Chinese exporters expect higher tariffs to have a much greater impact than during Trump’s first term, accelerating a reshoring of production abroad and further shrinking profits, hurting jobs and private sector investment.
A trade war 2.0 would find China in a much more vulnerable position than when Trump first raised tariffs in 2018, as it still grapples with a deep property crisis and huge local government debt, among other imbalances.
So far, Beijing has pledged to prioritise domestic consumption in this year’s policies, but has revealed little apart from a recently-expanded trade-in programme that subsidises purchases of cars, appliances and other goods.
China gave civil servants their first big pay bump in a decade, although the higher estimates measure the overall increase at roughly 0.1% of GDP. Financial regulators got steep wage cuts, as have many others in the private sector.
Q4 growth lifted by front-loaded exports
For Jiaqi Zhang, a 25-year-old investment banker in Beijing, 2024 felt like a downturn, having seen her salary trimmed for a second consecutive year, bringing the total reduction to 30%. Eight or nine of her colleagues lost their jobs, she said.
“There is a general feeling of unease in the company,” said Zhang, who has cut back on buying clothes and dining out. “I’m ready to leave at any time, just that there’s nowhere to go right now.”
The world’s second-largest economy beat economists’ 2024 forecast of 4.9% growth. Its fourth-quarter 5.4% pace was the quickest since early 2023.
“China’s economy is showing signs of revival, led by industrial output and exports,” Frederic Neumann, chief Asia economist at HSBC, said.
But the last-minute bounce in growth may already have been flattered by front-loading of shipments to the US ahead of any new tariffs, which will inevitably lead to a pay-back, he said.
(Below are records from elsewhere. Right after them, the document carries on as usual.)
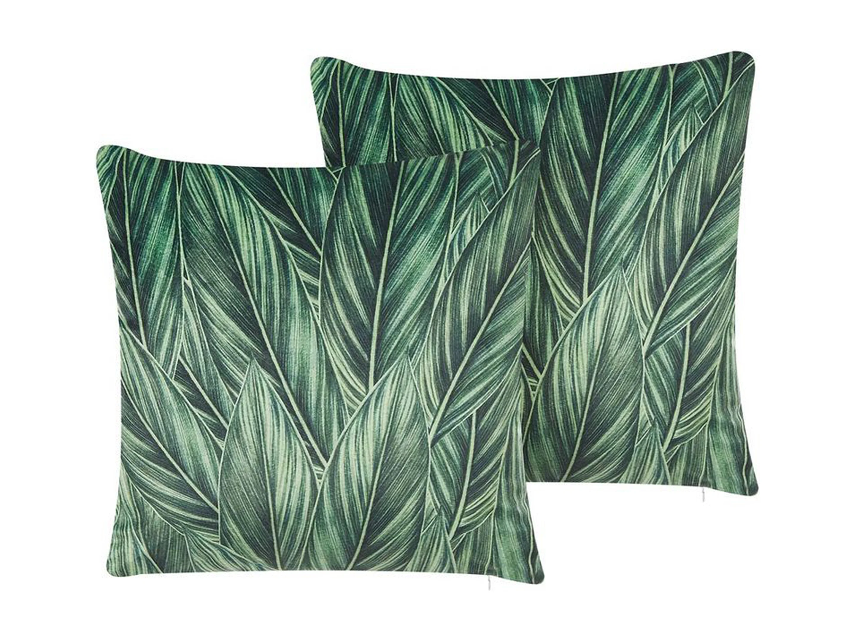 Conjunto de 2 almofadas decorativas DIASCIA Veludo 45 x 45 cm Verde Padrão de plantas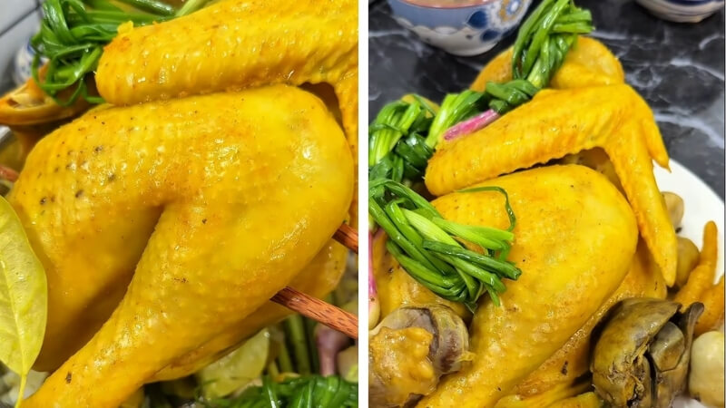 Khi gà đã chín, mở nắp nồi, cho hành lá bùi cắt khúc vào, rồi đậy nắp lại ủ thêm 3–5 phút để hành chín tới, dậy mùi thơm trước khi tắt bếp.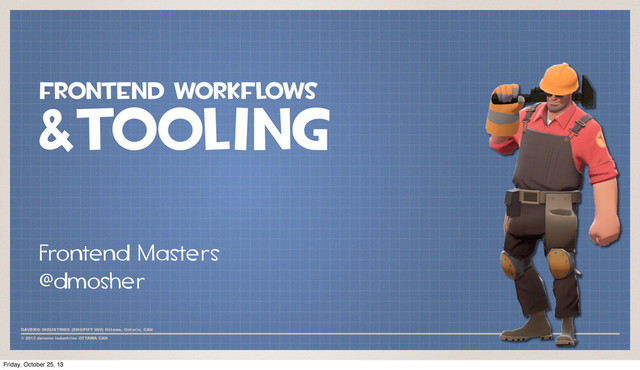The rise of JavaScript application frameworks has led to much confusion around how developers should structure their rich-client application codebases and what tools they should use. Come join David Mosher, Front-End Engineer at Shopify, to learn how to use front-end workflow tools like Grunt and Chrome Developer Tools to create a high-quality workflow pipeline that will promote your rich-client JavaScript applications to first-class citizens.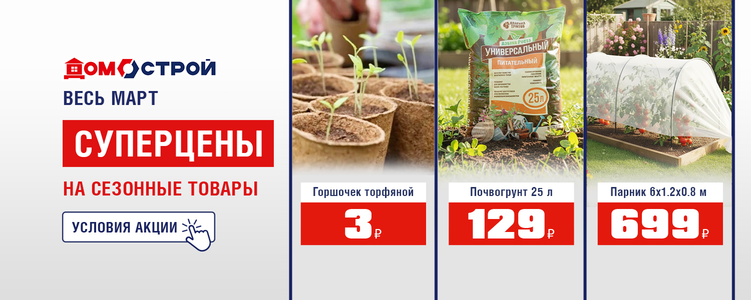 Только до 31 марта в ДомоСтрой суперцены на сезонные товары для дачи и сада! Успейте заказать на сайте или приобрести в магазине.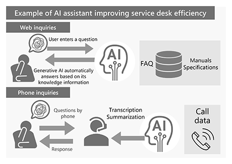 At the employee service desk, we aim to improve employee satisfaction and operator efficiency by utilizing generative AI. We are achieving an increase in self-resolution rates by having generative AI refer to FAQs, specifications, and manuals to present optimal answers to employees.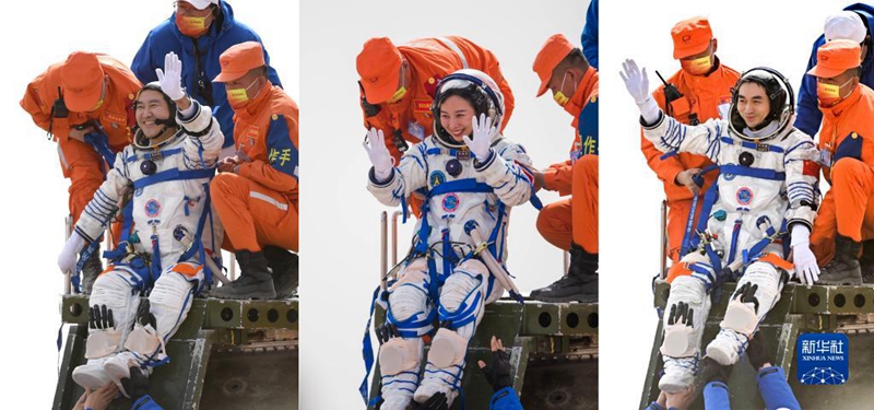 4月16日,神舟十三号载人飞船返回舱在东风着陆场成功着陆。这是航天员翟志刚、王亚平、叶光富(左至右)安全顺利出舱(拼版照片)。新华社发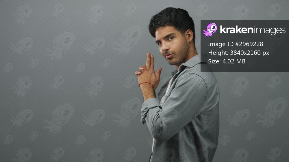 Man smiling, hands forming finger gun and clasping gesture against gray studio backdrop; playful confidence.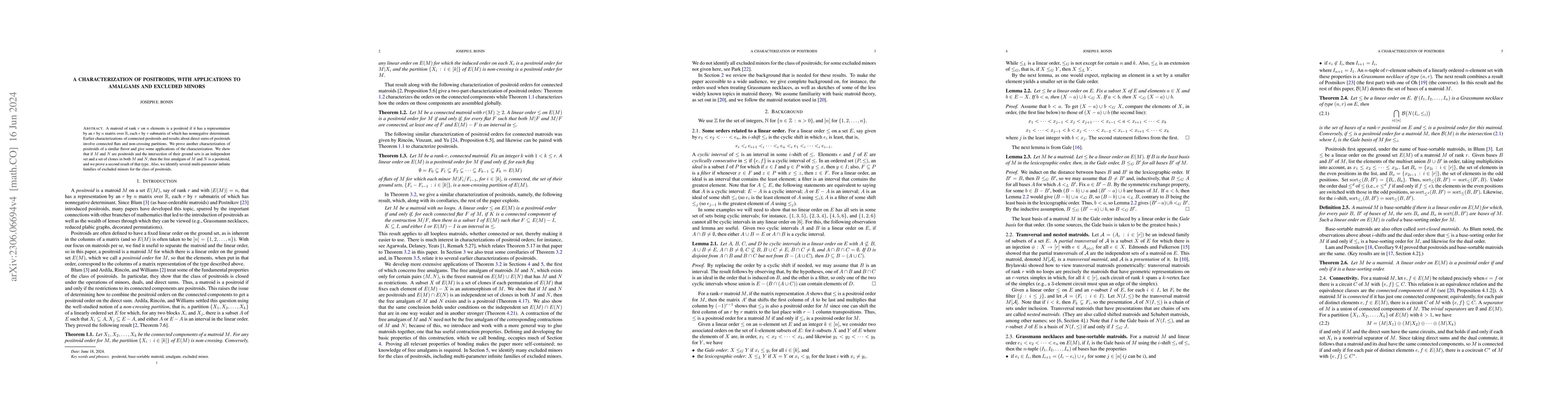 This paper presents a new characterization of positroids, matroids representable by matrices with nonnegative determinants in all submatrices. It explores applications in amalgams and identifies infinite families of excluded minors for positroids.

“There will be an even bigger need to apply domestic stimulus” this year, Neumann said.
Longstanding scepticism on official data
China and Hong Kong shares rose slightly, but the yuan lingered near 16-month lows, under pressure from sliding Chinese bond yields and the tariff threat.
Subdued markets reflect wavering confidence in China’s outlook, analysts said.
Beijing has rarely missed its growth targets. The last time was in 2022 due to the pandemic.
“Are investors around the world going to invest in China because they hit 5%? No,” said Alicia Garcia-Herrero, chief economist for Asia Pacific at Natixis, who expects slower 2025 growth. “So it’s becoming an irrelevant target.”
Also, long-standing scepticism about the accuracy of official data has shifted into higher gear over the past month.
A bearish commentary by Gao Shanwen, a prominent Chinese economist who spoke of “dispirited youth” and estimated that GDP growth may have been overstated by 10 percentage points between 2021 and 2023, vanished from social media after going viral.
In a December 31 note, Rhodium Group estimated that China’s economy only grew 2.4%-2.8% in 2024, pointing to the disconnect between relatively stable official figures throughout the year and the flood of stimulus unleashed from about the mid-way mark.
This included May’s blockbuster property market package, the most aggressive monetary policy easing steps since the pandemic in September and a 10 trillion yuan ($1.36 trillion) debt package for local governments in November.
“If China’s actual growth is below headline rates, it suggests there is a broader problem of China’s domestic demand that is contributing to global trade tensions,” Rhodium partner Local Wright told Reuters.
“Overcapacity would be a far less pressing issue if China’s economy was actually growing at 5% rates.”